Rahif looks much older than his 56 years. He has always lived in poverty, but the crisis that Lebanon has been going through for more than two years now has plunged him further into misery.
Rafif’s life turned upside down shortly before the crisis when his wife, with whom he had spent 28 years, walked away in 2017 leaving him to care for their five children, including two girls aged today 9 and 10. With the crisis, sending them to school has become a real burden, he doesn’t know how to pay for stationery or the school bus.

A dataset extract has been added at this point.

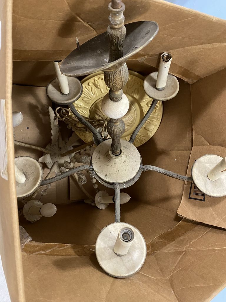 Two Vintage Light Fixtures, five arm lighted, painted, used condition. Two Vintage Light Fixtures, five arm lighted, painted, used condition.

“I was a carpenter; I lost my job when my wife left me. I tried working as a taxi driver but it didn’t work,” he says. Rahif has been unemployed for a long time. He suffers from several illnesses, including diabetes, and relies on alms to survive. “My brothers, a little less poor than I am, sometimes helps me,” he explains.
He has been renting his house in a poor area of Tripoli for a long time but does not have the means to carry out the necessary maintenance work there, repainting it for example. With his family, he lives almost without electricity relying only on the current supplied by the electricity of Lebanon and which has not exceeded two hours a day for more than four months.
Buying a gas bottle to be able to cook and prepare hot meals for his children has become a luxury for him. “It’s too expensive, often by lack of means, my children only eat thyme sandwiches, Lebanese bread sprinkled with dried thyme. When I can afford it, I boil potatoes or pasta,” he says.
Rahif who is a CARE program participating through an OCHA project, like many people who have been in dire need for more than two years, does not like to dwell on the details of his daily life. It takes time to confess that for several months, he and his children have eaten twice a day, skipping breakfast or dinner. “You end up getting used to it,” he says.